そして北条水希という女子は、身長160センチ程度、俺とほぼ同じ身長で細身ながら出るところは出た、神から選ばれた天恵ボディの持ち主なのだ。
その、神の恵みが今、俺の背に。俺の背に……!
(ああ、樋口さん……もしかしたら貴方はその身を犠牲にこの幸福を与えてくれたのかもしれませんね……)
「青海君? その、重いかしら……」
「いいや、大丈夫さ。北条のことなら何時間でも何日間でも背負いたいくらいだよ」
「そ、そう……? なんだか照れるわね……」
無駄にいい声で返事する俺を凪子がじとーっと睨んでいた。ぐ、マイシスター、俺の下心を見抜いてやがるな?
「早く行くよ、にーちゃん」
「うむ。北条よ、揺れるかもしれぬ。力強く掴まるのだぞ」
「青海君、なんだか喋り方が……」
などと言いつつも、北条は右腕を肩の上に、左腕を脇の下に通し、しっかりと力を込めてくれる。
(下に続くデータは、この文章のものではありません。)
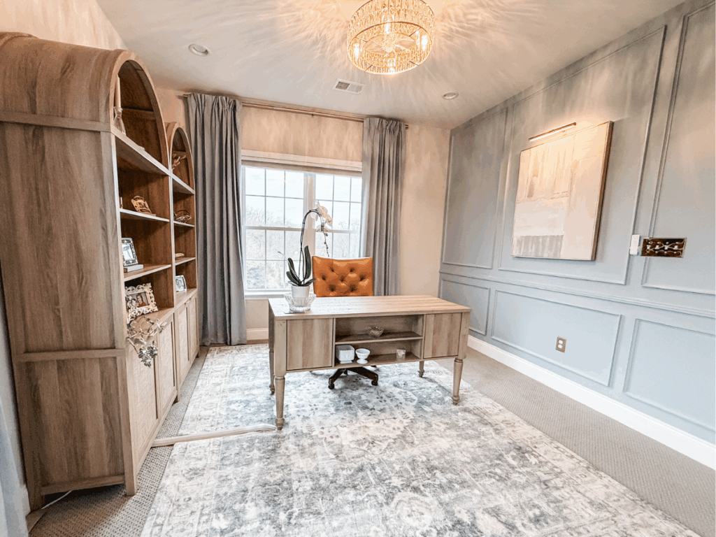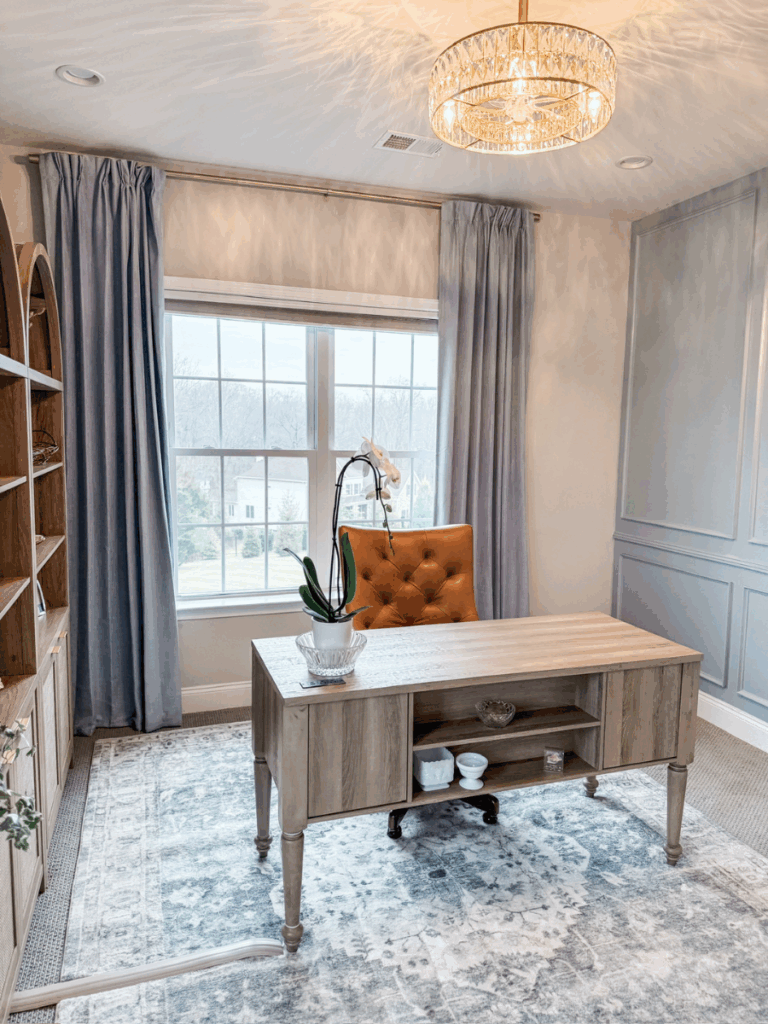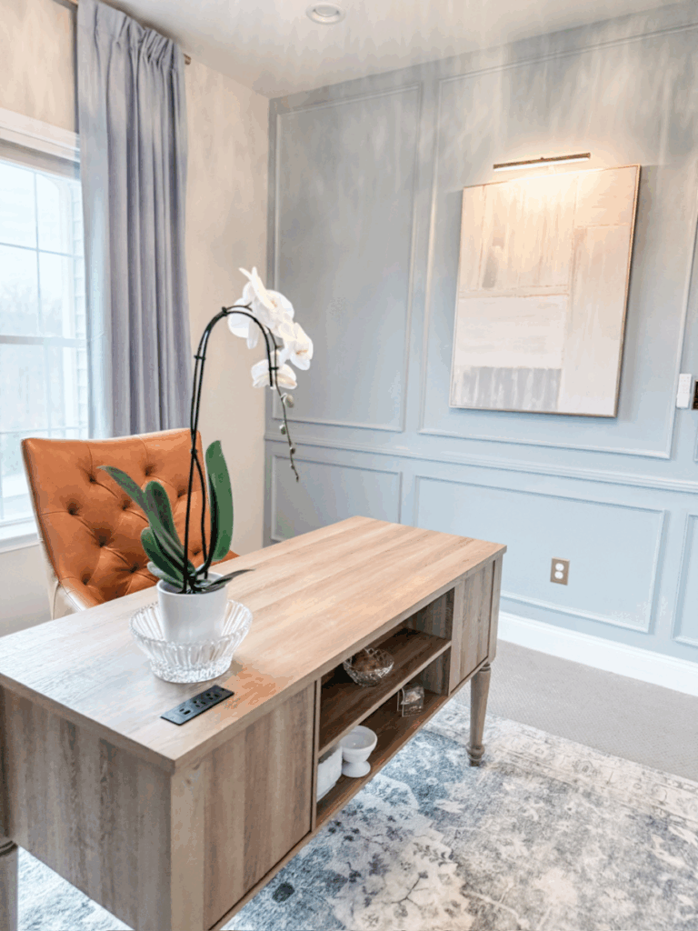 I chose Sherwin-Williams Stardew, a soft blue paint, for the trim wall. It’s just enough color to make the detailing pop without overwhelming the room. It’s subtle, elegant, and calming, and adds personality without shouting for attention. The right color can create a soothing backdrop for the rest of the design. We definitely got the color right in this office transformation.

グフフ、これでより味わうことができる! その至福の感触を……おっぱ……んぐぅ!?
つ、強い……! 凄く力が強いィ……!
そういえば北条のやつ、俺の変装をバラしたときも中々の握力を発揮していたが腕力まで!?
これは俺が余計な欲を出したことへの罰なのか……正直おっぱいの感触より痛みが勝っているぅ、完全にマイナスに傾いてしまっているぅう!!
「やはり、北条……油断のならないやつだぜ……!」
「ええと、誉められているのかしら」
北条のやつは涼しい声をしてやがった。顔は見えないけれどきっと表情も平常なのだろう。化け物め……。
結局、力を緩めてもらう合理的な理由は思い浮かばず、俺は痛みに耐えて頑張りながらなんとか歩いた。
全てが終わった後、俺の上半身は悲鳴を上げていたが、なぜか北条と凪子の機嫌が良さそうだったので……まぁ、プラスだったんだろう。知らんけど。